- [Data for analysis]
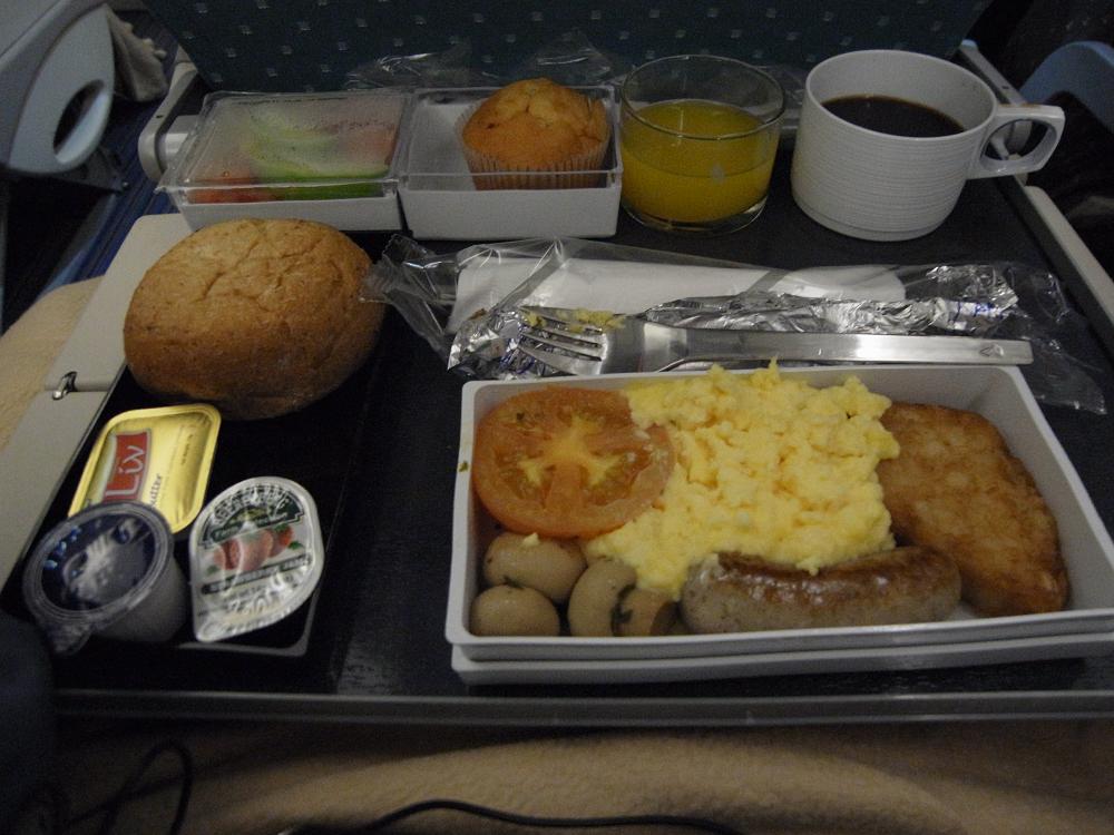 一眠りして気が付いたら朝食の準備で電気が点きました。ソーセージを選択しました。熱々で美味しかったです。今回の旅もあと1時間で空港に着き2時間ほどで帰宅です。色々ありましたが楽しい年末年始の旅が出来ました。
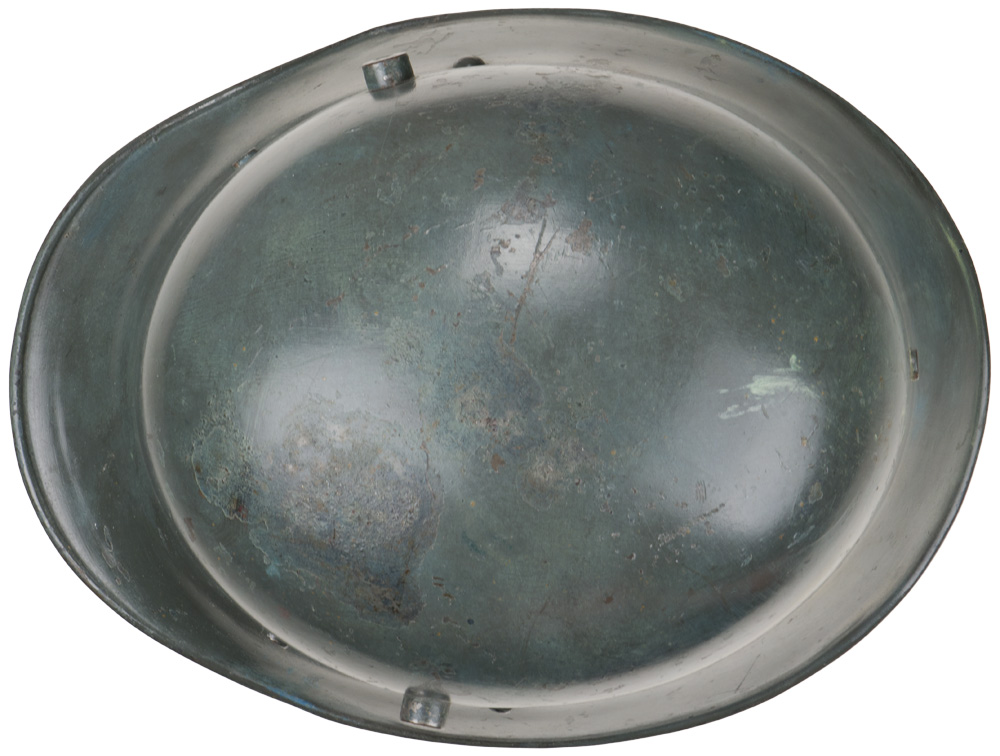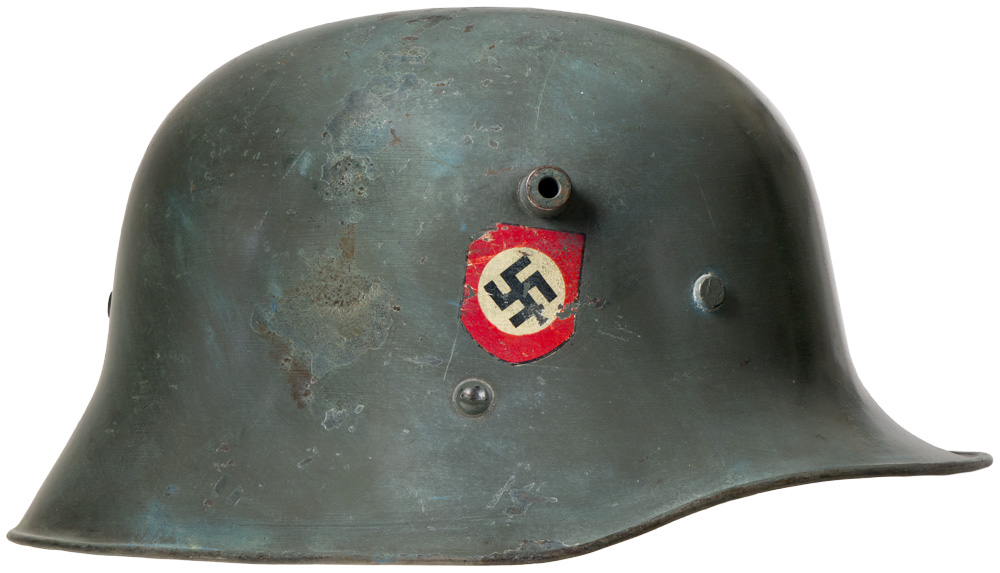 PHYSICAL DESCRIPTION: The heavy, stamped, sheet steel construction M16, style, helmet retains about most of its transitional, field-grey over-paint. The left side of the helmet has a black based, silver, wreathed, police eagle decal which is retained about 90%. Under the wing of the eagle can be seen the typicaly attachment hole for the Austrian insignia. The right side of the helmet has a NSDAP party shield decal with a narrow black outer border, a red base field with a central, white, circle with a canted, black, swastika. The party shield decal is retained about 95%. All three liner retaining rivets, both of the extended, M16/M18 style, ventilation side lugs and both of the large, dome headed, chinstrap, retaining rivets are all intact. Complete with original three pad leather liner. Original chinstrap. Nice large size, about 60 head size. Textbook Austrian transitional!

...

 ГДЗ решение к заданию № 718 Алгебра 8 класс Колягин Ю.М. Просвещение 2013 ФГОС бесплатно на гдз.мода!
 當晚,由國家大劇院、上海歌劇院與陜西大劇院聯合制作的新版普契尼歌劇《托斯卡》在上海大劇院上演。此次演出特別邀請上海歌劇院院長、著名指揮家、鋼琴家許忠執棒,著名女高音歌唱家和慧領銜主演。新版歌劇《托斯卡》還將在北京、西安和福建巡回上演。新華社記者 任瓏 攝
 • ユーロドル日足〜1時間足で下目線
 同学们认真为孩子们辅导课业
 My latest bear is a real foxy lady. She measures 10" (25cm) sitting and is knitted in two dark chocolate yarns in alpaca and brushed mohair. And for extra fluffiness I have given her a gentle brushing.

- [Task] Print, exactly and with no pictures, the lines of the listing above starting at the one that has "一眠りして気が付いたら朝食の" and ending at the one that has "PHYSICAL DESCRIPTION: The", both included.

- [Your solution]
 一眠りして気が付いたら朝食の準備で電気が点きました。ソーセージを選択しました。熱々で美味しかったです。今回の旅もあと1時間で空港に着き2時間ほどで帰宅です。色々ありましたが楽しい年末年始の旅が出来ました。
 PHYSICAL DESCRIPTION: The heavy, stamped, sheet steel construction M16, style, helmet retains about most of its transitional, field-grey over-paint. The left side of the helmet has a black based, silver, wreathed, police eagle decal which is retained about 90%. Under the wing of the eagle can be seen the typicaly attachment hole for the Austrian insignia. The right side of the helmet has a NSDAP party shield decal with a narrow black outer border, a red base field with a central, white, circle with a canted, black, swastika. The party shield decal is retained about 95%. All three liner retaining rivets, both of the extended, M16/M18 style, ventilation side lugs and both of the large, dome headed, chinstrap, retaining rivets are all intact. Complete with original three pad leather liner. Original chinstrap. Nice large size, about 60 head size. Textbook Austrian transitional!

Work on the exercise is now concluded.